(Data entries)
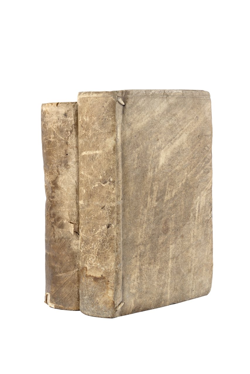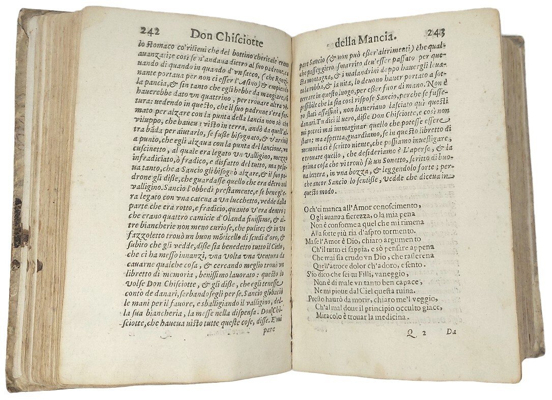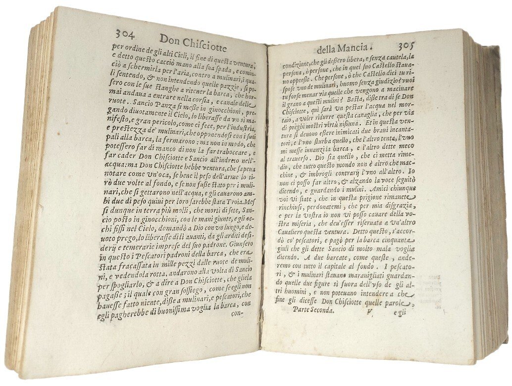 >2 volumi in-8 (160-155x105 mm) pp. (12), 694, (6) (8) 751, legatura omogenea dell'epoca in piena pergamena (benché le due pergamene siano uniformi, le legature differiscono lievemente per misura e tipo di cucitura). Prima traduzione italiana completa: prima edizione della seconda parte e seconda edizione della prima. Il primo volume era stato pubblicato nel 1622, sempre da Andrea Baba, senza i versi a fianco del testo spiegando che non avrebbe influito sull'intelligibilità della storia. Si dovettero aspettare tre anni per un'edizione completa in due volumi: si ristampò anche la prima parte con l'aggiunta dei versi tradotti da Alessandro Adimari.  Il letterato e studioso Lorenzo Franciosini, fiorentino (che aveva già al suo attivo una grammatica e un vocabolario in spagnolo) dedicò al suo Gran Duca Ferdinando II questa sua ''enorme fatica''. Per quanto riguarda il testo L. Rius afferma '...Franciosini tornò por la ediciòn de Bruselas, del ano 1607. Del 1601 e di Milano del 1610'' (cfr. Dante Bernardi in '' Atti delle giornate cervantine'' 1995). Il traduttore settecentesco Jervas afferma, nell'introduzione al suo Chisciotte inglese, che Thomas Shelton, per la sua famosa traduzione del 1612 (la prima in assoluto in qualsiasi lingua) si sia basato non sull'originale spagnolo ma su una copia manoscritta della ''fatica'' del Franciosini. Nel Seicento queste due edizioni italiane del Baba furono soltanto seguite da quella stampata a Roma da Corvo e Lupardi nel 1677. Edizione ambitissima e molto rara sul mercato di uno dei capolavori mondiali di ogni tempo, definita nella prefazione "opera gustosissima, e di grandissimo trattenimento à chi è vago d'impiegar l'ozio in legger battaglie, disfide, incontri, amorosi biglietti, & inaudite prodezze di Cavalieri erranti". Buon esemplare, con firma di possesso coeva al frontespizio: Michelang. Butius. Rom. Esemplare con fioriture sparse e qualche macchia; un po' corto in testa, una pagina (stampata storta) ha il titolo corrente rifilato per metà, mentre la pagina al verso ha 7 mm di margine. L'ultimo f. del vol.II ha un rinforzo lungo il margine interno, che ovvia a tre fori di tarlo che tocca 5 lettere.
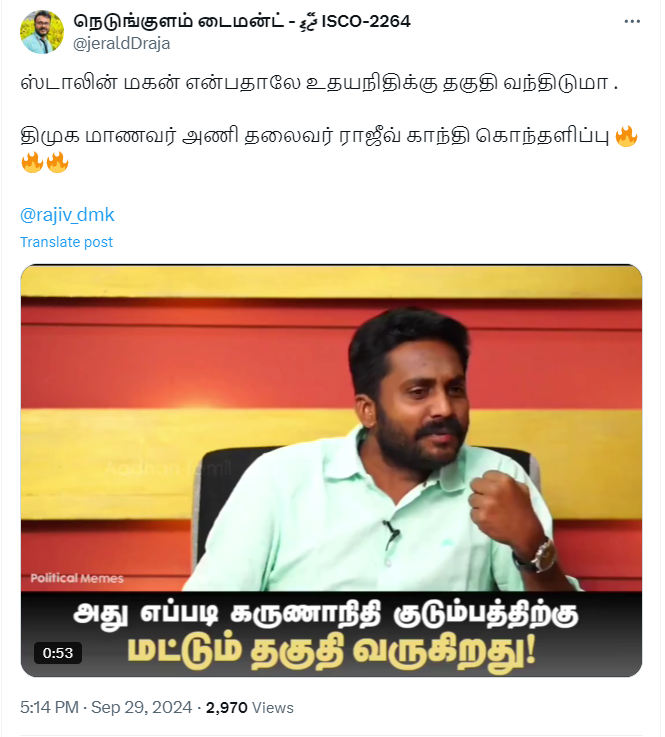 X post from Rajiv Gandhi, Student Wing, President, DMK, Dated September 30, 2024
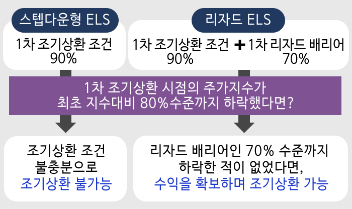 예를 들어 일반적인 스텝다운형 ELS의 1차 조기 상환 조건이 90% 라면, 리자드 ELS는 1차 조기 상환 조건 90% 이외에도 리자드 배리어 70%가 하나 더 추가되어 있는 구조입니다.
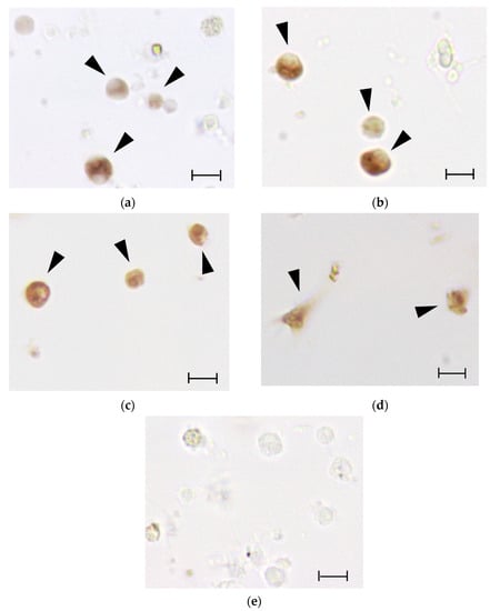 ISH with anti-sense riboprobes for (a) cr-Prdx2, (b) cr-Prdx3 and (c,d) cr-Prdx4, and sense riboprobe, for (e) cr-Prdx4 as reference, on hemocyte monolayers from three-day Cd treatment. Brown color: riboprobe staining. Arrowheads: labeled hemocytes. Scale bar: 10 µm.
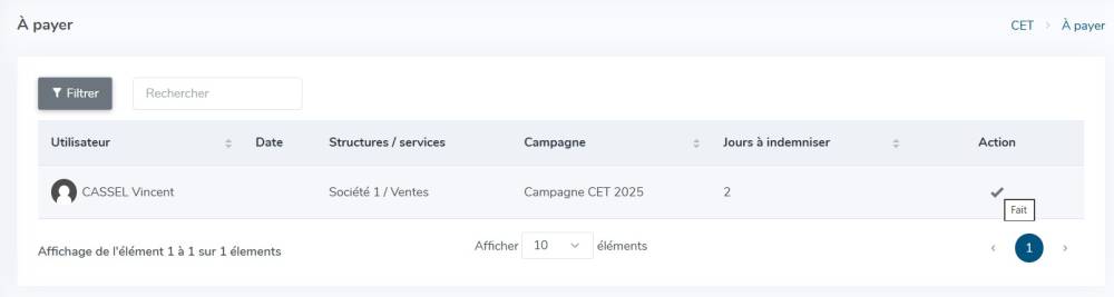 Après intégration de la demande dans votre logiciel de paie, cliquez sur « Fait » dans la colonne « Action ».
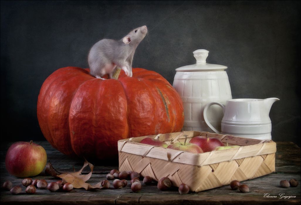 Мы не ищем лёгких путей)). Поэтому мне показалось мало Феликса, который хоть и похож на настоящего, но всё же игрушечный. И вот теперь у меня живёт Фредди. Это крыска дамбо очень красивого платинового окраса. Наблюдать за ним очень интересно, а снимать его ещё интереснее. Конечно, я пока не рискую снимать его вместе с кошками одним кадром, ведь дворянки мои - охотницы. Поэтому второй кадр, с Тиной, сделан в два кадра и слит в фотошопе.

## Aim of the task
Produce a word-for-word copy of the records, omitting all images.

## Answer area
 >2 volumi in-8 (160-155x105 mm) pp. (12), 694, (6) (8) 751, legatura omogenea dell'epoca in piena pergamena (benché le due pergamene siano uniformi, le legature differiscono lievemente per misura e tipo di cucitura). Prima traduzione italiana completa: prima edizione della seconda parte e seconda edizione della prima. Il primo volume era stato pubblicato nel 1622, sempre da Andrea Baba, senza i versi a fianco del testo spiegando che non avrebbe influito sull'intelligibilità della storia. Si dovettero aspettare tre anni per un'edizione completa in due volumi: si ristampò anche la prima parte con l'aggiunta dei versi tradotti da Alessandro Adimari.  Il letterato e studioso Lorenzo Franciosini, fiorentino (che aveva già al suo attivo una grammatica e un vocabolario in spagnolo) dedicò al suo Gran Duca Ferdinando II questa sua ''enorme fatica''. Per quanto riguarda il testo L. Rius afferma '...Franciosini tornò por la ediciòn de Bruselas, del ano 1607. Del 1601 e di Milano del 1610'' (cfr. Dante Bernardi in '' Atti delle giornate cervantine'' 1995). Il traduttore settecentesco Jervas afferma, nell'introduzione al suo Chisciotte inglese, che Thomas Shelton, per la sua famosa traduzione del 1612 (la prima in assoluto in qualsiasi lingua) si sia basato non sull'originale spagnolo ma su una copia manoscritta della ''fatica'' del Franciosini. Nel Seicento queste due edizioni italiane del Baba furono soltanto seguite da quella stampata a Roma da Corvo e Lupardi nel 1677. Edizione ambitissima e molto rara sul mercato di uno dei capolavori mondiali di ogni tempo, definita nella prefazione "opera gustosissima, e di grandissimo trattenimento à chi è vago d'impiegar l'ozio in legger battaglie, disfide, incontri, amorosi biglietti, & inaudite prodezze di Cavalieri erranti". Buon esemplare, con firma di possesso coeva al frontespizio: Michelang. Butius. Rom. Esemplare con fioriture sparse e qualche macchia; un po' corto in testa, una pagina (stampata storta) ha il titolo corrente rifilato per metà, mentre la pagina al verso ha 7 mm di margine. L'ultimo f. del vol.II ha un rinforzo lungo il margine interno, che ovvia a tre fori di tarlo che tocca 5 lettere.
 X post from Rajiv Gandhi, Student Wing, President, DMK, Dated September 30, 2024
 예를 들어 일반적인 스텝다운형 ELS의 1차 조기 상환 조건이 90% 라면, 리자드 ELS는 1차 조기 상환 조건 90% 이외에도 리자드 배리어 70%가 하나 더 추가되어 있는 구조입니다.
 ISH with anti-sense riboprobes for (a) cr-Prdx2, (b) cr-Prdx3 and (c,d) cr-Prdx4, and sense riboprobe, for (e) cr-Prdx4 as reference, on hemocyte monolayers from three-day Cd treatment. Brown color: riboprobe staining. Arrowheads: labeled hemocytes. Scale bar: 10 µm.
 Après intégration de la demande dans votre logiciel de paie, cliquez sur « Fait » dans la colonne « Action ».
 Мы не ищем лёгких путей)). Поэтому мне показалось мало Феликса, который хоть и похож на настоящего, но всё же игрушечный. И вот теперь у меня живёт Фредди. Это крыска дамбо очень красивого платинового окраса. Наблюдать за ним очень интересно, а снимать его ещё интереснее. Конечно, я пока не рискую снимать его вместе с кошками одним кадром, ведь дворянки мои - охотницы. Поэтому второй кадр, с Тиной, сделан в два кадра и слит в фотошопе.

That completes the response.